═════ THE DATA
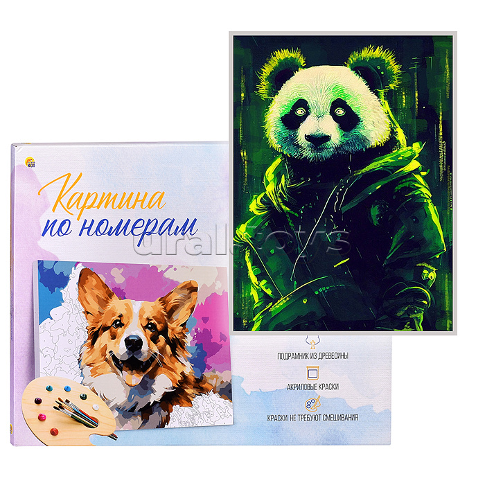 Холст с красками 40х50 по номерам "Модная панда" (20 цв.)
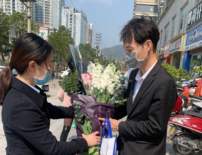 一场欣赏花艺带来的视觉享受,将居家隔离抗“疫”的枯燥抛之脑后。线下客户定制的专属花束,第一时间由客户经理送到客户手中。
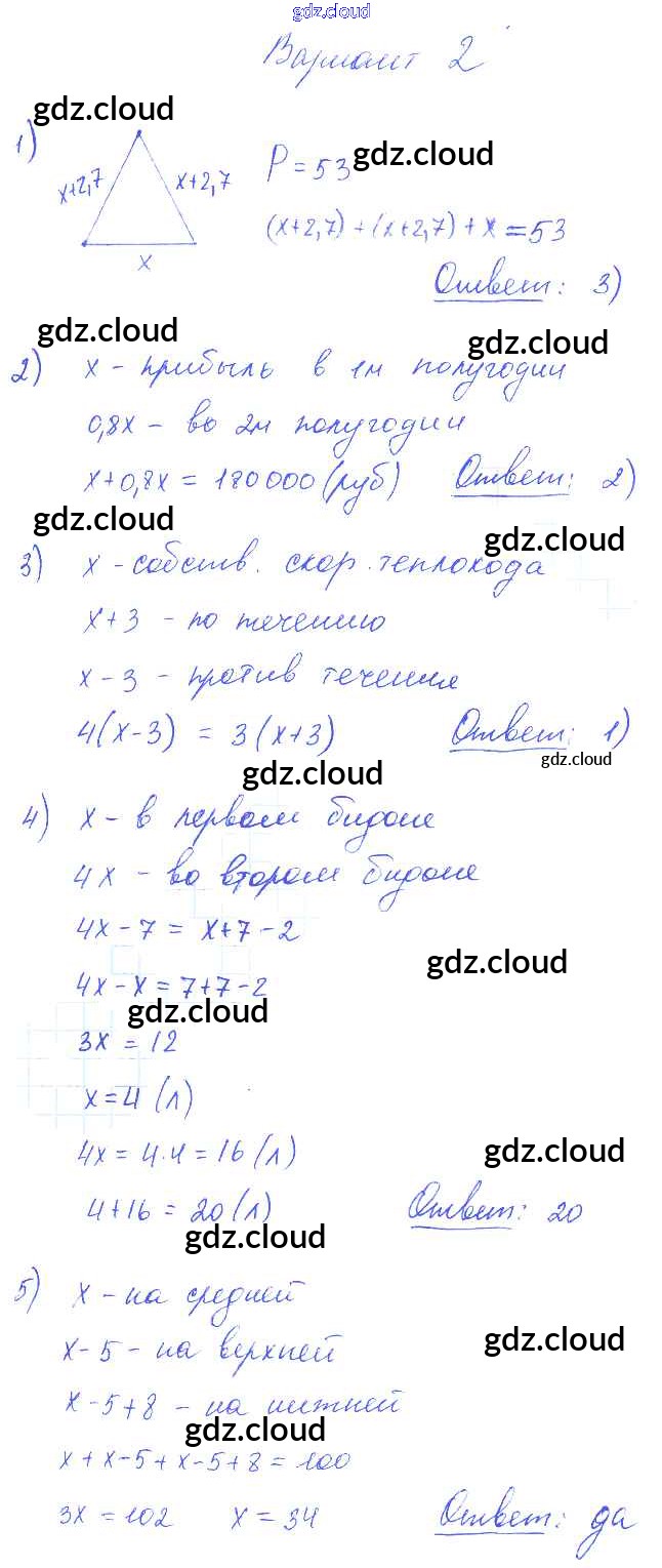 Ответ на задание вариант 2 Самостоятельные и контрольные работы Алгебра  за 7 (седьмой) класс Глазков, Гаиашвили УМК  2019
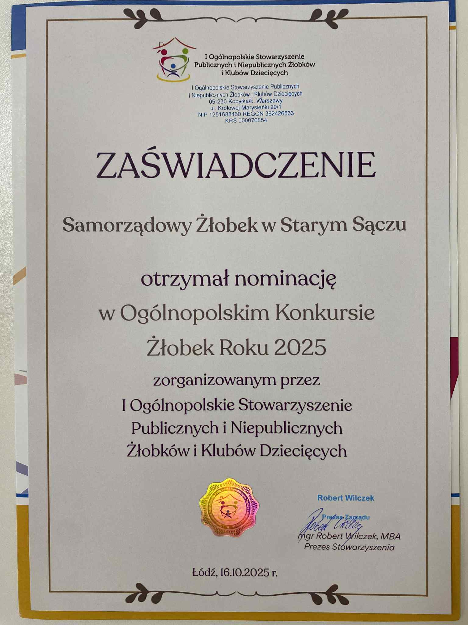 Mimo że dopiero zaczynamy swoją przygodę, postanowiliśmy spróbować swoich sił w ogólnopolskim konkursie „Żłobek Roku 2025”. Dla nas było to ogromne wyzwanie, ale przede wszystkim bardzo ciekawe i wartościowe doświadczenie 🌟Z ogromną radością informujemy, że otrzymaliśmy nominację oraz pamiątkowy dyplom, który jest dla nas dowodem na to, że to, co robimy, ma sens i jest zauważane 🤍Dziękujemy wszystkim, którzy są częścią naszej codzienności – dzieciom, rodzicom i całemu zespołowi – za zaufanie, wsparcie i cudowną współpracę 🤝💛
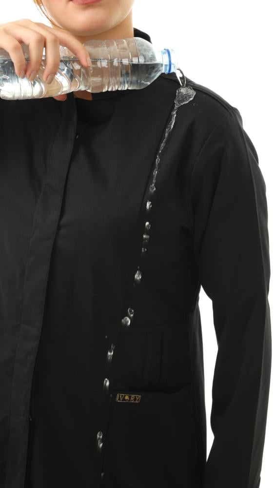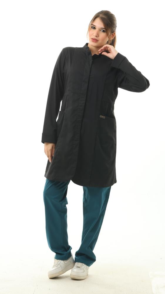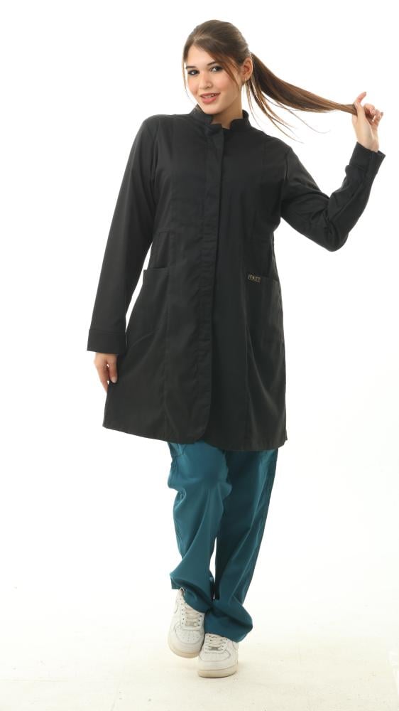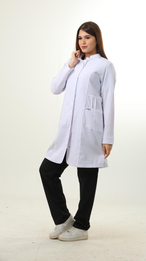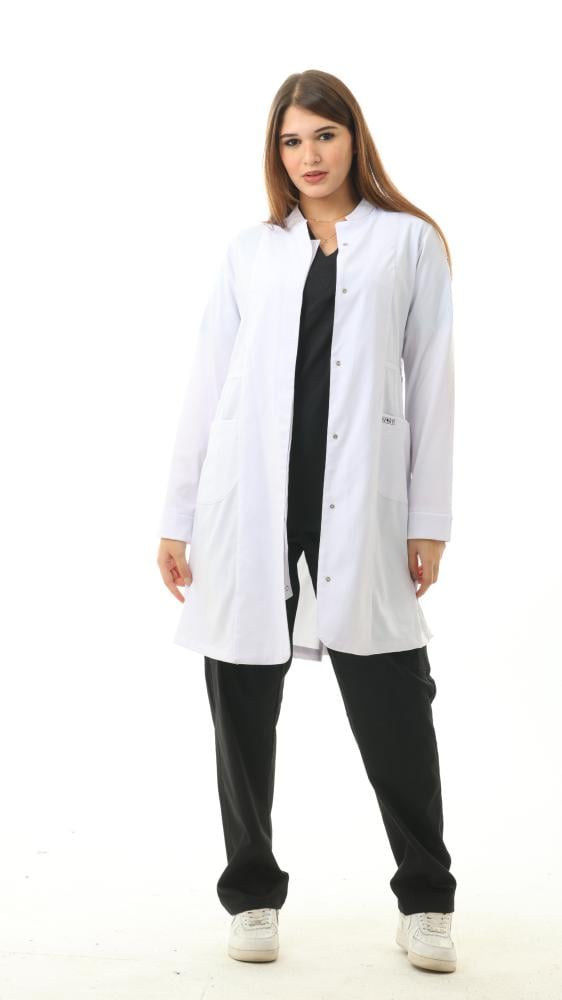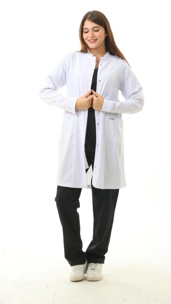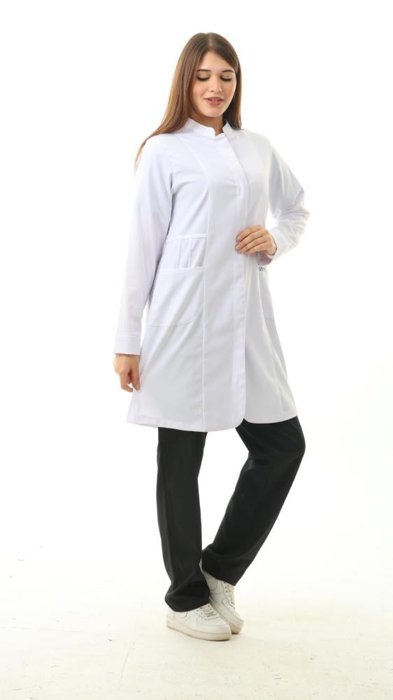 الميزات: لابكوت مضاد للانكماش ومضاد للتجاعيد ومضاد للماء والبكتريا يتميز بنصف ياقة وأكمام طويلة وجيوب أمامية وأساور مضلعة وأزرار كبس غير مرئية في الأمام. سحاب مخفي في نهاية الأكمام.
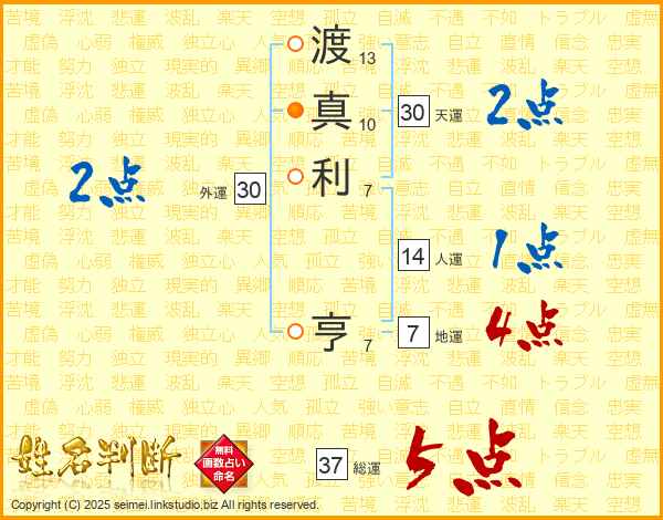 生活面を象徴する運勢です。外部から受ける影響力を表し、結婚運、家庭運や職場、環境への順応性を表します。総運から人運を引いた画数。姓や名が1文字の場合を除く。
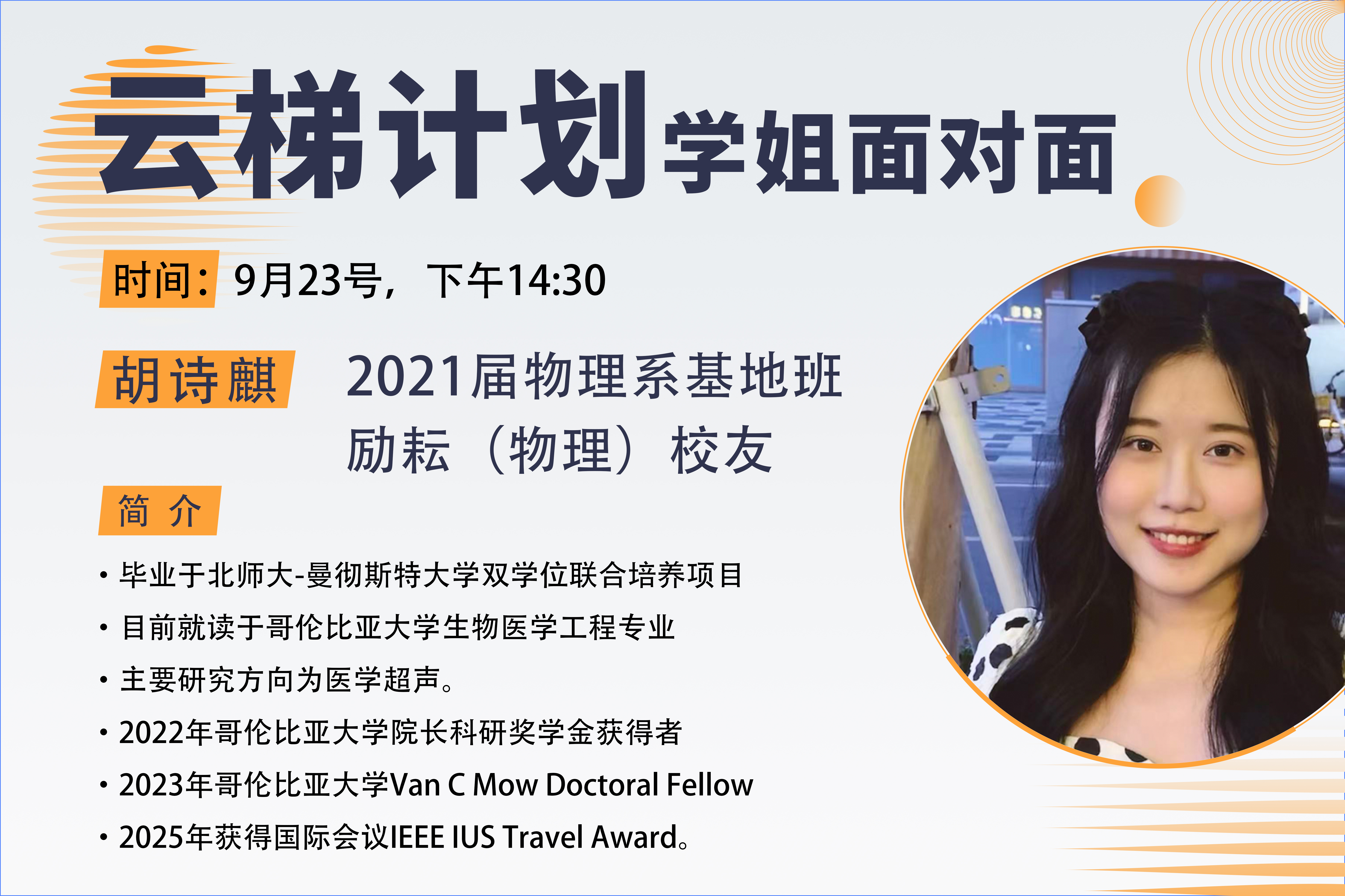 2025年9月23日下午,云梯计划“学姐面对面”留学经验分享活动在物理楼106成功举办。本次活动邀请到物理学专业2021届校友胡诗麒来为同学们分享她的留学经验。
══════════
Copy every record exactly, leaving the pictures out.

## TASK OUTPUT
 Холст с красками 40х50 по номерам "Модная панда" (20 цв.)
 一场欣赏花艺带来的视觉享受,将居家隔离抗“疫”的枯燥抛之脑后。线下客户定制的专属花束,第一时间由客户经理送到客户手中。
 Ответ на задание вариант 2 Самостоятельные и контрольные работы Алгебра  за 7 (седьмой) класс Глазков, Гаиашвили УМК  2019
 Mimo że dopiero zaczynamy swoją przygodę, postanowiliśmy spróbować swoich sił w ogólnopolskim konkursie „Żłobek Roku 2025”. Dla nas było to ogromne wyzwanie, ale przede wszystkim bardzo ciekawe i wartościowe doświadczenie 🌟Z ogromną radością informujemy, że otrzymaliśmy nominację oraz pamiątkowy dyplom, który jest dla nas dowodem na to, że to, co robimy, ma sens i jest zauważane 🤍Dziękujemy wszystkim, którzy są częścią naszej codzienności – dzieciom, rodzicom i całemu zespołowi – za zaufanie, wsparcie i cudowną współpracę 🤝💛
 الميزات: لابكوت مضاد للانكماش ومضاد للتجاعيد ومضاد للماء والبكتريا يتميز بنصف ياقة وأكمام طويلة وجيوب أمامية وأساور مضلعة وأزرار كبس غير مرئية في الأمام. سحاب مخفي في نهاية الأكمام.
 生活面を象徴する運勢です。外部から受ける影響力を表し、結婚運、家庭運や職場、環境への順応性を表します。総運から人運を引いた画数。姓や名が1文字の場合を除く。
 2025年9月23日下午,云梯计划“学姐面对面”留学经验分享活动在物理楼106成功举办。本次活动邀请到物理学专业2021届校友胡诗麒来为同学们分享她的留学经验。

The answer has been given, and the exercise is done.